Commutation relations#
One of the best advantages of writing Pauli operators as binary vectors is that commutation relations become very easy to compute.
First, we define the symplectic inner product between binary vectors of length $2n$
Let $P_1 = (a|b)$ and $P_2 = (c|d)$. Then, the symplectic inner product between $P_1$ and $P_2$ is \begin{equation} P_1 \cdot P_2 = a\cdot d + b\cdot c\mod 2, \end{equation} where on the right hand side, the $\cdot$ is the regular dot product between vectors. Be very careful about how we are multiplying the $X$-part of $P_1$ with the $Z$-part of $P_2$ and vice versa.
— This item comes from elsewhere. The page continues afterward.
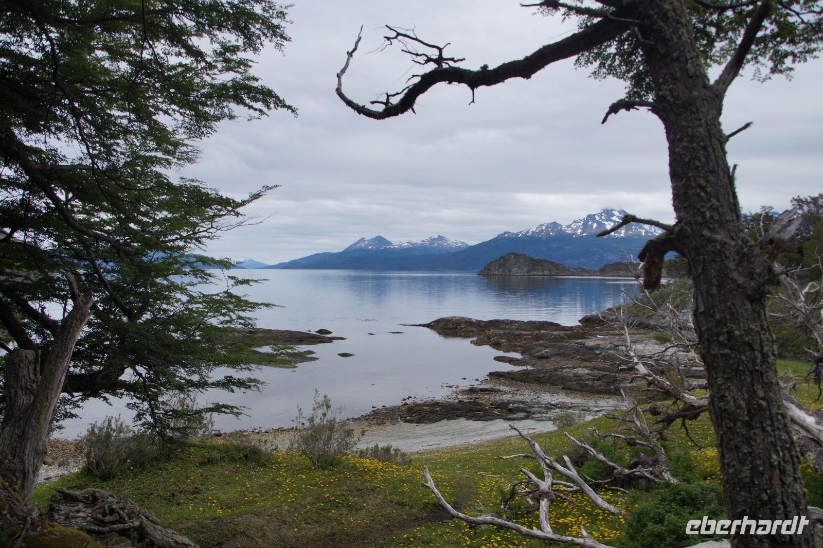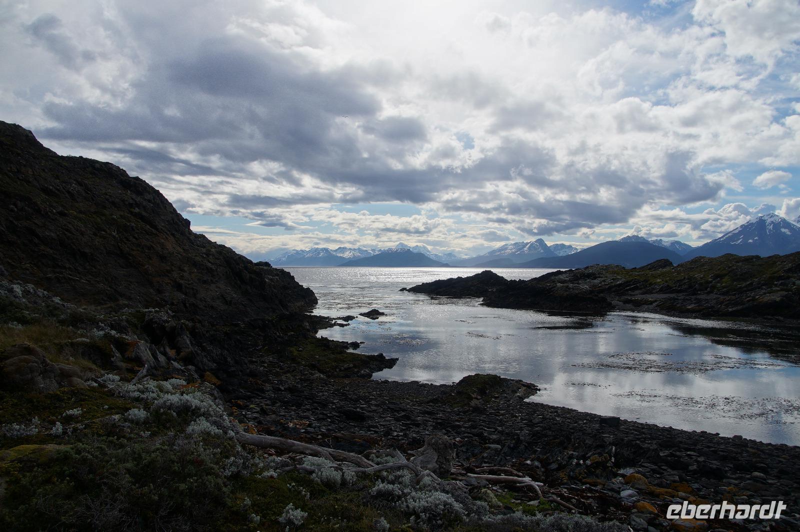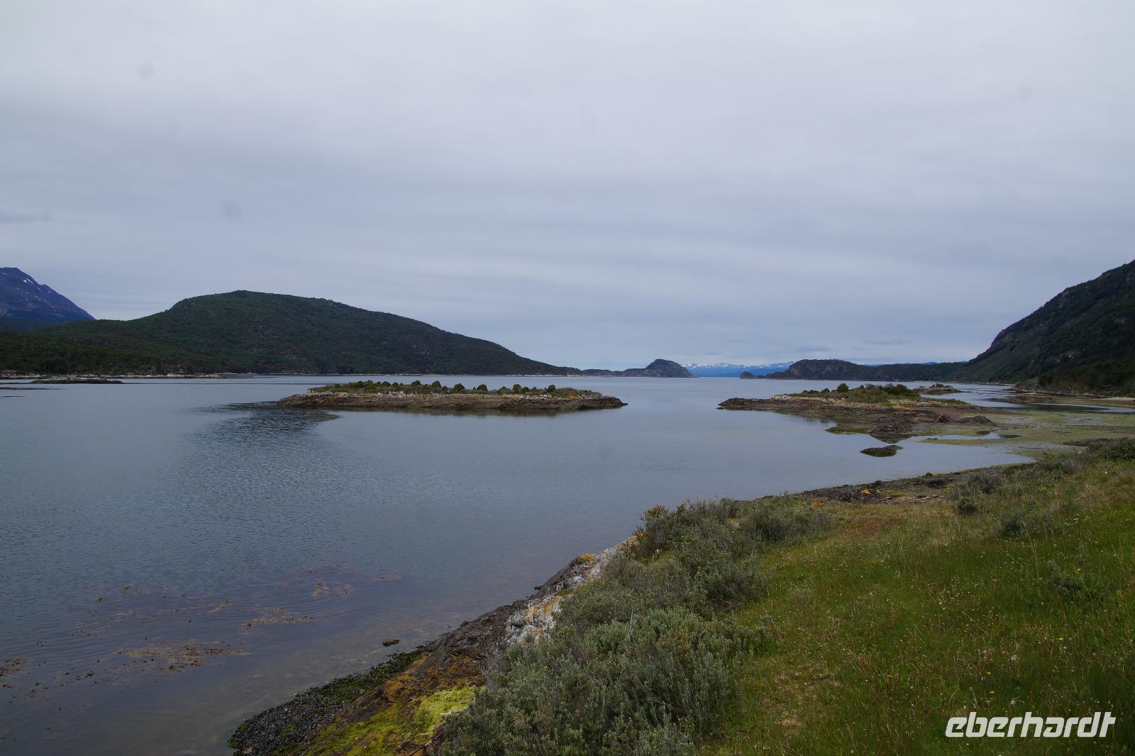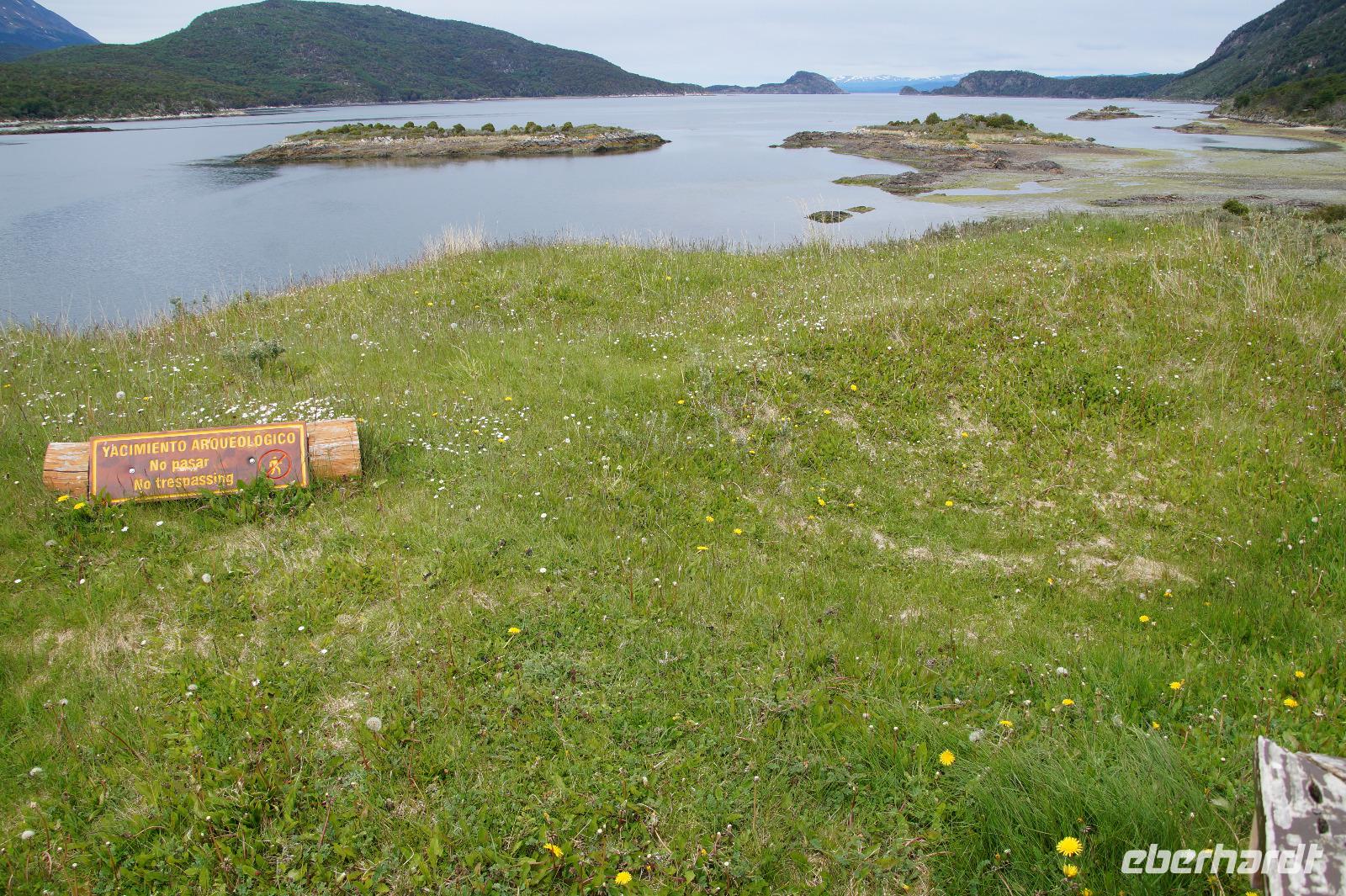 Bis zum Ende der Ruta (Route) 3, einer der wichtigsten Straßenverbindungen Argentiniens, an der malerischen Lapataia-Bucht kamen wir. Hier befand sich, nur anhand eines Schildes markiert und nur für geübte Augen erkennbar, ein archäologischer Fundplatz. Man erkannte am Mirador den dreiecksförmigen Grundriss einer präkolumbinen Behausung, um die herum die Bewohner ihre organischen Abfälle aufgehäuft hatten, die noch als niedriger (vielleicht 40 cm hoher) Wall den Grundriss der Behausung markierten.

Example: The symplectic inner product of $(10|01)$ and $(01|00)$ is \begin{equation} (10|01) \cdot (01|00) = (10)\cdot (00) + (01)\cdot (01) = 0 + 1 = 1. \end{equation}
Task 2 (On paper)#
Let $P_1 = (101|110)$ and $P_2 = (011|111)$. Determine $P_1\cdot P_2$.
Task 3#
Complete the function symplectic_inner_product that computes the symplectic product of two input vectors.
- Parameters:
P1: alist, guaranteed to only contain 0 or 1, and length divisible by 2.
P2: alist, guaranteed to only contain 0 or 1, and length divisible by 2. - Returns:
Anintthat is symplectic inner product ofP1andP2
def symplectic_inner_product(P1, P2):
passNow we state the following theorem about the commutation relations of Pauli operators.
Lemma: Let $P_1 = (a|b)$ and $P_2 = (c|d)$ be two Pauli operators. Then,
- $P_1$ and $P_2$ commute if and only if $P_1 \cdot P_2 = 0$,
- $P_1$ and $P_2$ anti-commute if and only if $P_1 \cdot P_2 = 1$.
Question: Use the commutation relations of $I_i,X_i,Y_i,Z_i$ to prove this theorem.
Task 4#
In Task 1 in stabilizer codes we computed everything by hand. Now use the symplectic_inner_product function to recompute the table with code.
Generator matrix#
To compactly represent the stabilizer group, and its associated code, we usually write the generators of the stabilizer code as rows of a matrix. This matrix is called sometimes called the generator matrix (because it contains the generators of the code) or the check-matrix (because it is actually analogous to the classical parity-check matrix rather than the classical generator matrix). This is unfortunate and confusing terminology.
Example: For the repetition code for phase flips, the generators are \begin{align} X \otimes X \otimes I &= (110|000), \\ I \otimes X \otimes X &= (011|000). \end{align} Hence, the generator matrix is \begin{equation} G = \left(\begin{array}{ccc|ccc} 1 & 1 & 0 & 0 & 0 & 0 \\ 0 & 1 & 1 & 0 & 0 & 0 \end{array}\right). \end{equation}
Task 5 (On paper)#
Write down the generator matrix for the repetition code for bit-flips.